While this shot, from the pre­dict­ably dis­astrous pet show, would be right at home about two-thirds into Bunuel’s L’Age d’or:

Duck:Pups

The stuff is nuts, I tell you. I won­der what it would play like on Nyquil. 

No Comments

  • Herman Scobie says:

    Glenn: For those of us hit too hard by Bushonomics to afford this lovely set (as well as almost any addi­tion­al DVDs), will you tell us which disc “Pups Is Pups” is on so that we can obtain it from Netflix?

  • Glenn Kenny says:

    @Herman: That’d be Disc #2.

  • Herman Scobie says:

    Thanks, Glenn.

  • Tony Dayoub says:

    The Spanky, Alfalfa gang shorts felt more con­ven­tion­al (still love ’em). But Our Gang 1.0 def­in­itely could be unnerving.
    Shot pic­tured is def­in­itely out of Eraserhead, which dis­turbs me all the more. Robert Blake was a mem­ber of the ras­cals… Our Gang…Eraserhead… Lynch… Lost Highway… Blake
    Now you’ve got me free associating.

  • Or Herzog … Herzog loves chick­ens, too. Farina is hav­ing his STROSZEK moment.

  • Dave Kehr says:

    Great piece, Glenn. Did you notice that the estab­lish­ing shot you quote from “Pups Is Pups” is actu­ally a pro­cess shot with a matte paint­ing? The Dickensian/Eraserhead vibe is some­thing McGowan had to go out and cre­ate; it was­n’t lying around the streets of Culver City. How many two-reelers had effects like this?

  • Glenn Kenny says:

    Yes, that divid­ing line—and the per­spect­ive, a bit—give the effect away. You don’t notice it as much in the con­text of the mov­ing picture—you get the odd stark­ness of it more than any­thing else.
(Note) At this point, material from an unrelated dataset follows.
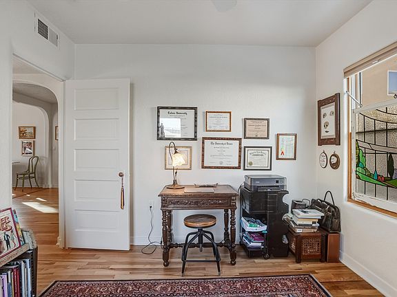 Charming North Valley gem in Acequia Jardin! This thoughtfully updated home blends historic character with modern comfort, featuring oak floors, abundant natural light, refrigerated air, an updated kitchen and bath. Enjoy a private courtyard and a unique community setting with shared gardens-just minutes from Old Town, the Nature Center and the Biopark.Casita can be reserved for guests at $30/night- this includes living area, kitchenette, bedroom, and bathroom. Owners in the community share access to the guest casita, plaza, meeting room, and gardens.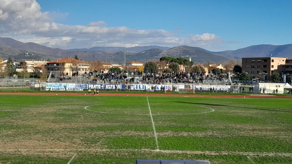 Si interrompe ad Agliana la striscia positiva del Prato. Dopo 5 vittorie e due pari arriva la prima sconfitta da quando Lucio Brando siede sulla panchina dei lanieri. Finisce 2-1 con le reti tutte nella ripresa. Nel primo tempo si fa preferire la squadra neroverde, che si rende pericolosa due volte con Mirval, poi con Torrini e ancora con Mirval e Mariani, che non riescono ad intervenire sotto misura dopo una spizzata di Torrini. Su un campo imperfetto, appesantito dalle copiose piogge dei giorni scorsi, il Prato fa fatica a sciorinare il suo noto bel gioco, ma nella ripresa la squadra di Brando scende in campo con piglio diverso e ci prova con Nicoli e Colombi. Al 21′ la rete dei pistoiesi: cross di Remedi dalla destra e mezza girata di Bigica in gol da centro area. Dieci minuti dopo l’Aglianese raddoppia con Mirval, che sfrutta un lancio lungo e anticipa Nucci. Il Prato reagisce e va vicino al gol, ma Spurio salva sulla linea. In pieno recupero arriva il rigore per i biancazzurri per un fallo di mano di Pardera. Il solito Mobilio non sbaglia, ma questa volta non basta.

  • I remem­ber the con­tro­versy over these shorts being too racist to release … glad they’ve finally hit the store shelves so view­ers can decide for themselves.
    I grew up with the ‘Rascals’ … although by the time Froggy and the final gen­er­a­tion of cast mem­bers came around even my young mind sensed the series had jumped the pro­ver­bi­al shark.
    Some of my sharpest, fond­est child­hood memor­ies came from these clunky bits of comedy.

  • Brian says:

    Just for the record, at least in Los Angeles the “Our Gang” shorts were on all the time in the late 70s and early 80s. I used to watch them every Saturday morning.

  • Glenn Kenny says:

    An over-generalization, there, Brian—I’m prone to those. My wife’s from Missouri, and out there they did not show them much Rascals. Also, I seem to have fudged My Lovely Wife’s age—she was born in ’77, so to say she grew up in the late ’70s-early ’80s is to imbue her with a little more pre­co­cious­ness than plausible.